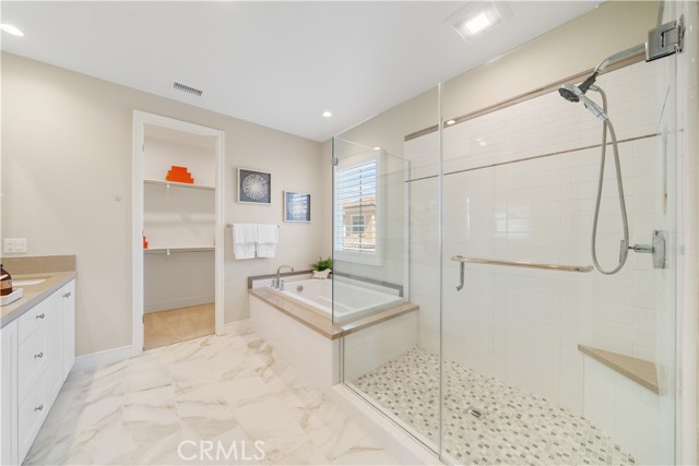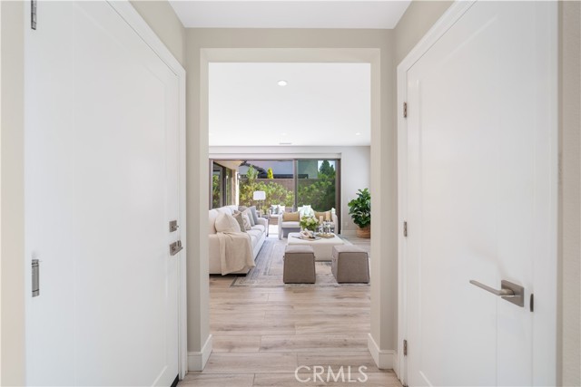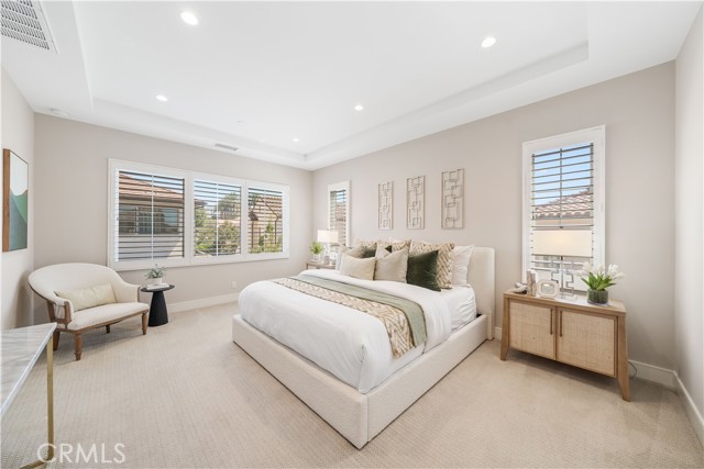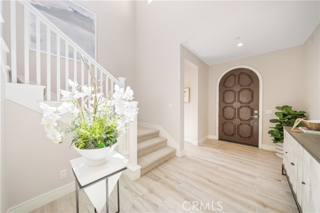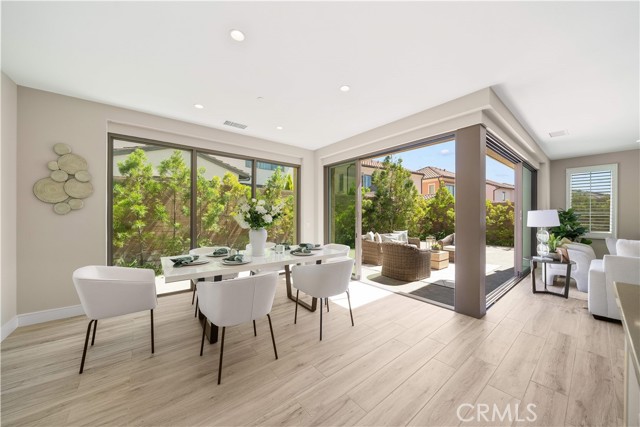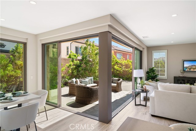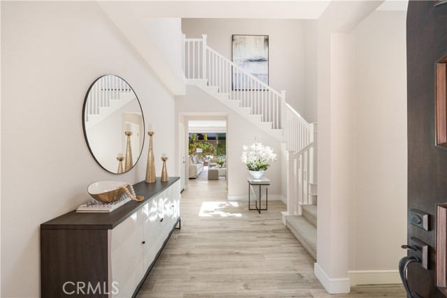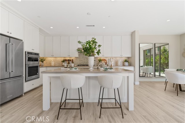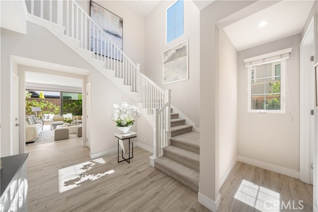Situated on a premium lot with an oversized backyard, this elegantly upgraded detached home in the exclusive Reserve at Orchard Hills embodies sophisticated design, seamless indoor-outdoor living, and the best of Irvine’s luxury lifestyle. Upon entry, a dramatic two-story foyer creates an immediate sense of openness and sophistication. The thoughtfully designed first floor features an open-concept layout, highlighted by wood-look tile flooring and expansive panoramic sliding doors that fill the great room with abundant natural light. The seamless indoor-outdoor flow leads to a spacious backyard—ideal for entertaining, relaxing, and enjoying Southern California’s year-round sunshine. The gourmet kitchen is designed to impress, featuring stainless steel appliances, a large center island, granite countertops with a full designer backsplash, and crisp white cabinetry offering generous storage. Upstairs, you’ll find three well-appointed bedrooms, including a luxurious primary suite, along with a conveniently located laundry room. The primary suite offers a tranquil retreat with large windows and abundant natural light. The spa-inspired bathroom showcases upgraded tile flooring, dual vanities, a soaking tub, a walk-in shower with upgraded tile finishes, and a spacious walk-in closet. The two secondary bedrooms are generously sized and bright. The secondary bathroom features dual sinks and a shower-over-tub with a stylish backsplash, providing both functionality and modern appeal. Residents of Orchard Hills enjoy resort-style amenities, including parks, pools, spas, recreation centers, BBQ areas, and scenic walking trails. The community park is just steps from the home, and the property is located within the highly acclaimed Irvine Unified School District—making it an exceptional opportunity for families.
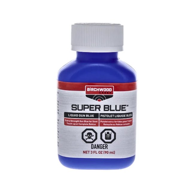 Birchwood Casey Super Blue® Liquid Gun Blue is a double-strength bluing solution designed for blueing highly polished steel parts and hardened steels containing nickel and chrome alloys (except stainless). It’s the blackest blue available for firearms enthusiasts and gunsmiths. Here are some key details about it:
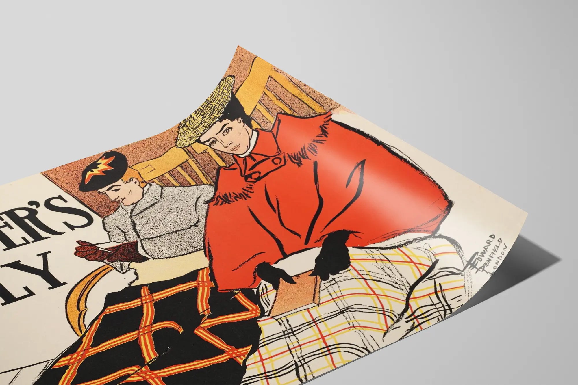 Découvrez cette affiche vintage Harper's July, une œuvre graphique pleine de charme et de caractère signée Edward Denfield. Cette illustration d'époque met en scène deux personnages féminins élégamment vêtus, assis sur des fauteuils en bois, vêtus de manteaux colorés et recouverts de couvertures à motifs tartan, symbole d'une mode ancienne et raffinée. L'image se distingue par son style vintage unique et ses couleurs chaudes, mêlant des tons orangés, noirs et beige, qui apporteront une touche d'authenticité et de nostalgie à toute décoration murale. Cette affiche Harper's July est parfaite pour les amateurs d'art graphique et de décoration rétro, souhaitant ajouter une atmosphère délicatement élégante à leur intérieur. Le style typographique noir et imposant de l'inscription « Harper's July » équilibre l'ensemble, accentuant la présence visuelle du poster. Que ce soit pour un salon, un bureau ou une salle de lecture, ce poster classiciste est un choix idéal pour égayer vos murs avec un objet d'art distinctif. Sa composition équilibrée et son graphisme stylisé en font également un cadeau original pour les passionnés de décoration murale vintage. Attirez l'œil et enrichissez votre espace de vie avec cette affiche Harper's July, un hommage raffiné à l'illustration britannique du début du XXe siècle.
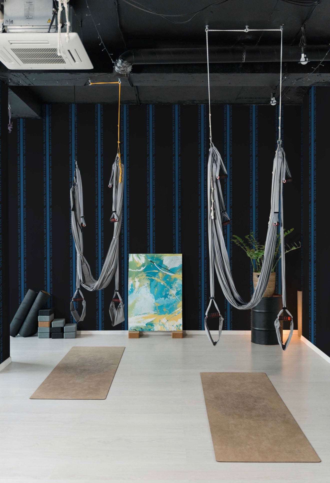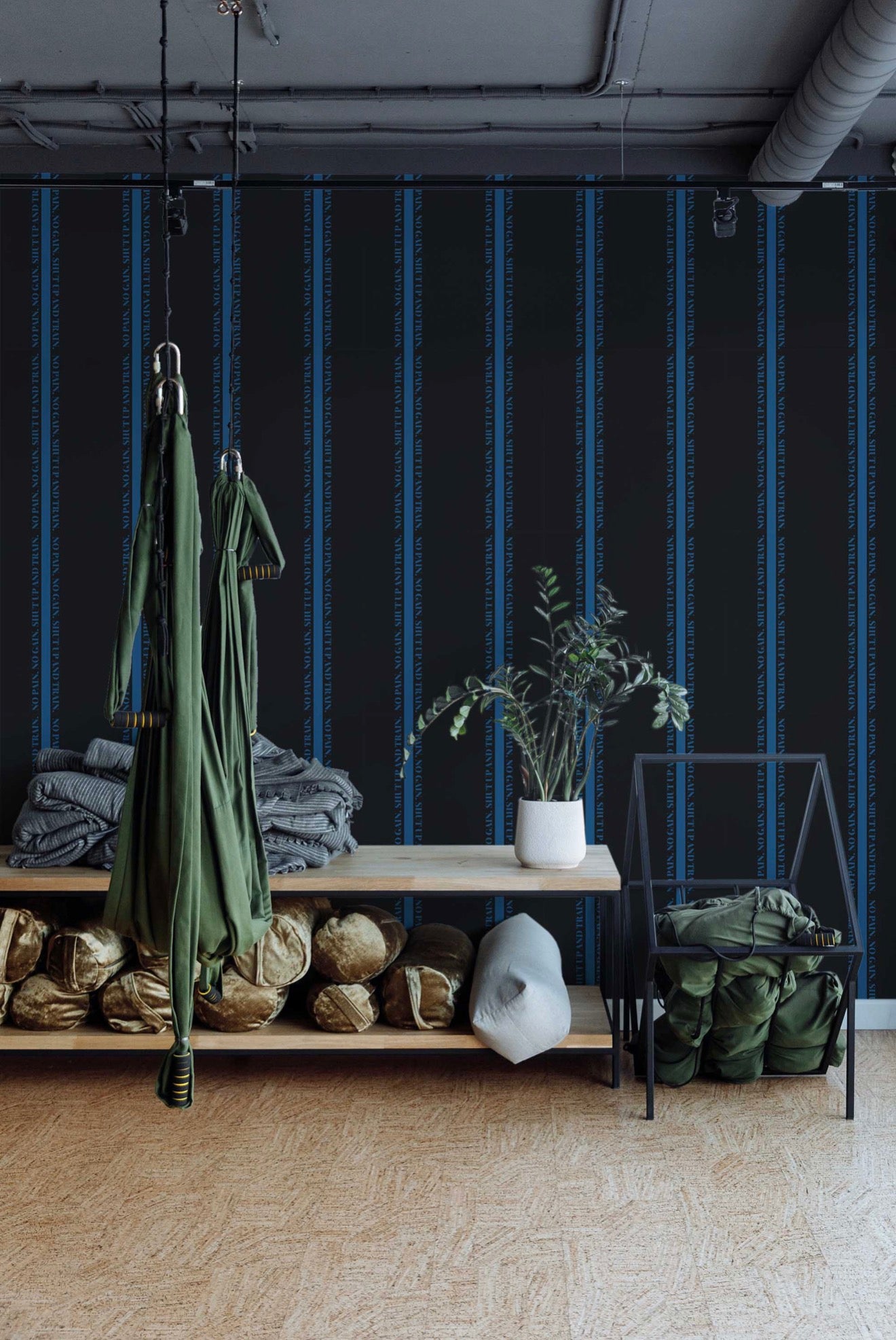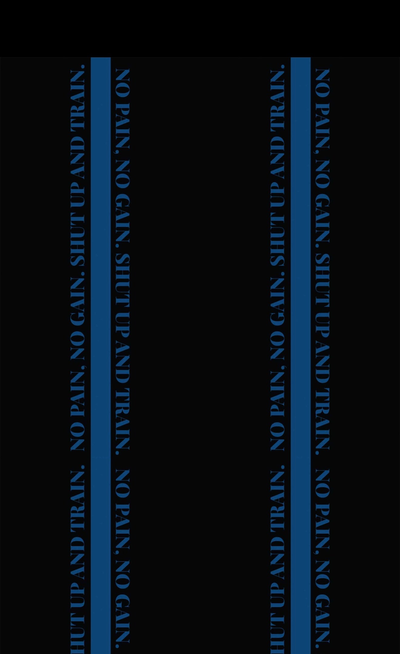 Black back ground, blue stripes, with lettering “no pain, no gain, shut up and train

The task |
Return the material exactly as written, except for any pictures it holds.

Exercise result |
Situated on a premium lot with an oversized backyard, this elegantly upgraded detached home in the exclusive Reserve at Orchard Hills embodies sophisticated design, seamless indoor-outdoor living, and the best of Irvine’s luxury lifestyle. Upon entry, a dramatic two-story foyer creates an immediate sense of openness and sophistication. The thoughtfully designed first floor features an open-concept layout, highlighted by wood-look tile flooring and expansive panoramic sliding doors that fill the great room with abundant natural light. The seamless indoor-outdoor flow leads to a spacious backyard—ideal for entertaining, relaxing, and enjoying Southern California’s year-round sunshine. The gourmet kitchen is designed to impress, featuring stainless steel appliances, a large center island, granite countertops with a full designer backsplash, and crisp white cabinetry offering generous storage. Upstairs, you’ll find three well-appointed bedrooms, including a luxurious primary suite, along with a conveniently located laundry room. The primary suite offers a tranquil retreat with large windows and abundant natural light. The spa-inspired bathroom showcases upgraded tile flooring, dual vanities, a soaking tub, a walk-in shower with upgraded tile finishes, and a spacious walk-in closet. The two secondary bedrooms are generously sized and bright. The secondary bathroom features dual sinks and a shower-over-tub with a stylish backsplash, providing both functionality and modern appeal. Residents of Orchard Hills enjoy resort-style amenities, including parks, pools, spas, recreation centers, BBQ areas, and scenic walking trails. The community park is just steps from the home, and the property is located within the highly acclaimed Irvine Unified School District—making it an exceptional opportunity for families.
 Birchwood Casey Super Blue® Liquid Gun Blue is a double-strength bluing solution designed for blueing highly polished steel parts and hardened steels containing nickel and chrome alloys (except stainless). It’s the blackest blue available for firearms enthusiasts and gunsmiths. Here are some key details about it:
 Découvrez cette affiche vintage Harper's July, une œuvre graphique pleine de charme et de caractère signée Edward Denfield. Cette illustration d'époque met en scène deux personnages féminins élégamment vêtus, assis sur des fauteuils en bois, vêtus de manteaux colorés et recouverts de couvertures à motifs tartan, symbole d'une mode ancienne et raffinée. L'image se distingue par son style vintage unique et ses couleurs chaudes, mêlant des tons orangés, noirs et beige, qui apporteront une touche d'authenticité et de nostalgie à toute décoration murale. Cette affiche Harper's July est parfaite pour les amateurs d'art graphique et de décoration rétro, souhaitant ajouter une atmosphère délicatement élégante à leur intérieur. Le style typographique noir et imposant de l'inscription « Harper's July » équilibre l'ensemble, accentuant la présence visuelle du poster. Que ce soit pour un salon, un bureau ou une salle de lecture, ce poster classiciste est un choix idéal pour égayer vos murs avec un objet d'art distinctif. Sa composition équilibrée et son graphisme stylisé en font également un cadeau original pour les passionnés de décoration murale vintage. Attirez l'œil et enrichissez votre espace de vie avec cette affiche Harper's July, un hommage raffiné à l'illustration britannique du début du XXe siècle.
 Black back ground, blue stripes, with lettering “no pain, no gain, shut up and train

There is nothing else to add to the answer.